市場シェア実に7割、韓国最大オークション「eBayKOREA」誕生


 韓国シェア1位のオークションサイトAuctionと2位のGmarketが合併し、eBayKOREAとして生まれ変わることが決まった。Auctionは2001年、Gmarketは2009年、eBayの子会社になっていた。7月5日、公正取引委員会は子会社同士の合併は問題ないと承認し、eBayKOREAが誕生することになった。


 韓国では今までヤフーやグーグルといった外国企業のネットサービスに人気がなく、NAVER、DAUM、Hangame、Yes24、Interparkなど、韓国生まれのネットサービスにユーザーが集中していた。韓国にはまだAmazonもiTunesも入ってきていない。そこに突然巨大なeBayKOREAが生まれるというので、ネットユーザーの間では衝撃的な出来事としてとらえられている。


 韓国企業のサイトが人気なのは、移り変わりの早い韓国人のトレンドをすぐ把握してサイトに反映できたからだ。ポータルサイトが登場して間もなかったころ、Yahoo!が没落してNAVERとDAUMが成長したのも、アバタ―、ゲーム、ブログ、Cafe(ポータルの中の同好会サイト作り)と1~2カ月でころころ変わる韓国ネットユーザーのトレンドを、米本社の許可をもらうまで数カ月はかかるYahoo!は追いつけなかったからであった。AuctionとGmarketの名前がeBayに変わるだけで今までのように韓国系サイトの運営方式を守れるのか、それともeBay方式に変えるのか、これもユーザーにとっては気になるところである。

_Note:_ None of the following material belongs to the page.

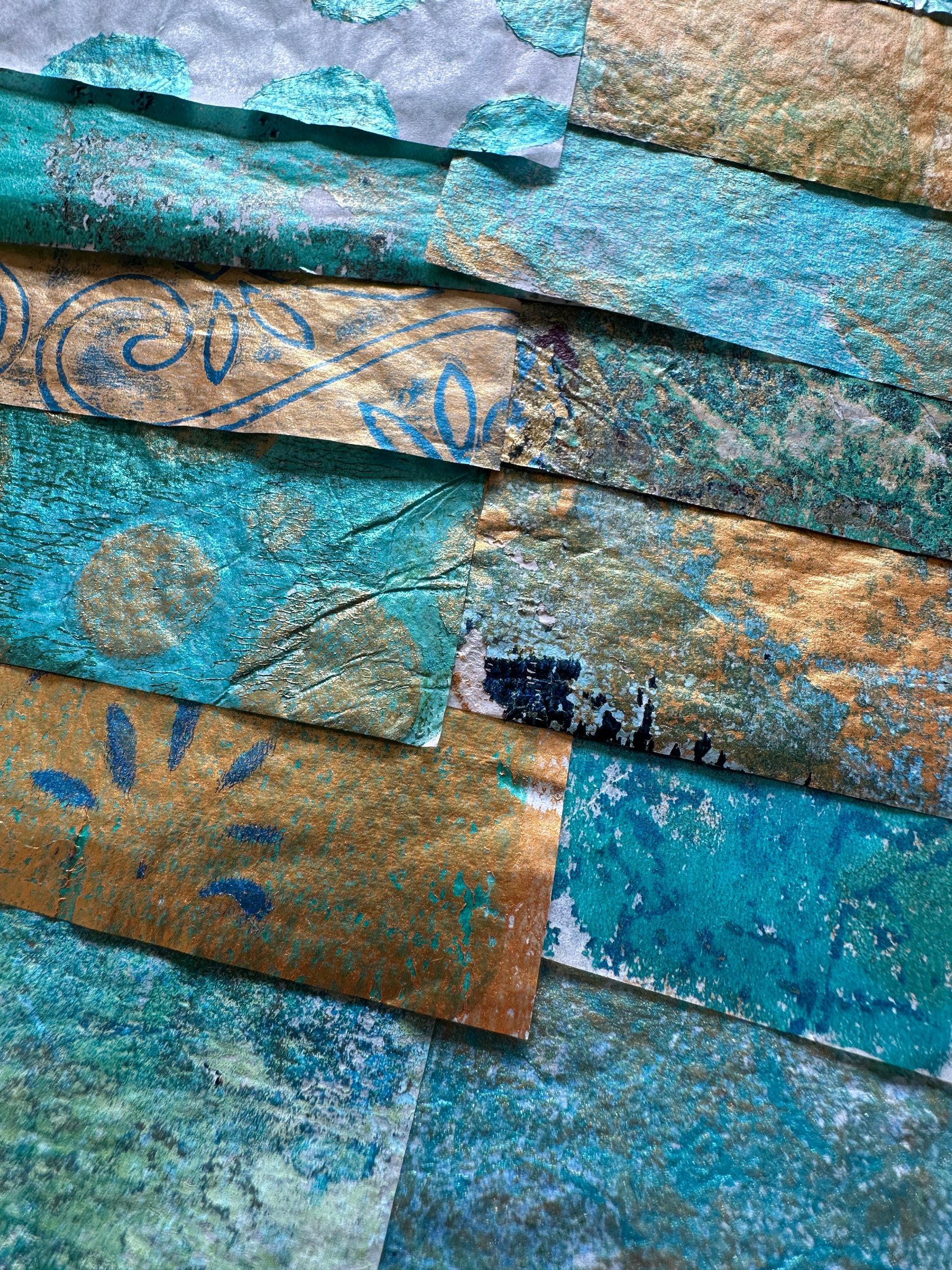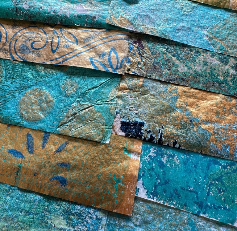 I create both hand-painted collage papers and printable digital papers designed to work beautifully in collage, journaling, and mixed media projects.

eBayKOREAに合併されることになったGmarketのWebサイト。韓流スターBigbangのG-dragonがイメージキャラクターになっている



AuctionとGmarketの合併は、いわば日本のYahoo!オークションと楽天とAmazonを一つに合併してeBayに名前を変えるというほどのインパクトである。公正取引委員会の資料を見ても、AuctionとGmarketだけでオープンマーケット市場シェア72%を占めている。オープンマーケットとはインターネットショッピングモールの一つで、1社が商品を仕入れて決済配送までするのではなく、個人や中小企業が入店して商品を販売できるよう場を提供するオークションのような形式のサイトをいう。


 韓国のオープンマーケット市場規模は25兆ウォン(約2兆円)と推定されている。韓国では2008年からデパートよりインターネットショッピングの流通規模が大きくなり、流通市場は大型スーパー(ディスカウントショップ)→インターネットショッピング→デパートの順になっているほど、インターネットで商品を買うことが広く普及している。

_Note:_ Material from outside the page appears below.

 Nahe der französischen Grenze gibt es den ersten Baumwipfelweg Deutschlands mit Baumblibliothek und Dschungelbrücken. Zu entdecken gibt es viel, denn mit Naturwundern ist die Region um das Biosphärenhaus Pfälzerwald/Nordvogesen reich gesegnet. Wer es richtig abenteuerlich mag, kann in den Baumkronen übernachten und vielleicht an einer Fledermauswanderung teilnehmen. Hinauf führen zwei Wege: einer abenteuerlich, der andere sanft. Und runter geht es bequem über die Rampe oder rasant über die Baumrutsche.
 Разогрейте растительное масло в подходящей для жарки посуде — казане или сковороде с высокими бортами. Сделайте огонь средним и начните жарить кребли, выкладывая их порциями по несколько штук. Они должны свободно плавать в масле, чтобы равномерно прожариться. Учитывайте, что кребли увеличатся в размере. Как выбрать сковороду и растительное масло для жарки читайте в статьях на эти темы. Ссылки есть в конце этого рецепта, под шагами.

AuctionとGmarketの運営方式は全く同じである。個人から大手企業まで商品を登録して販売できる。中古でも新品でも構わない。販売手数料は商品カテゴリーによって違うが平均10%というのもほぼ同じである。ポータルサイトで検索すると、キーワードに該当する両社に登録された商品が検索結果として表示される。インターネットショッピング最安値を強調しているのも同じである。両社を合併した方が効率的だが、競合会社の合併反対に押され様子見状態だった。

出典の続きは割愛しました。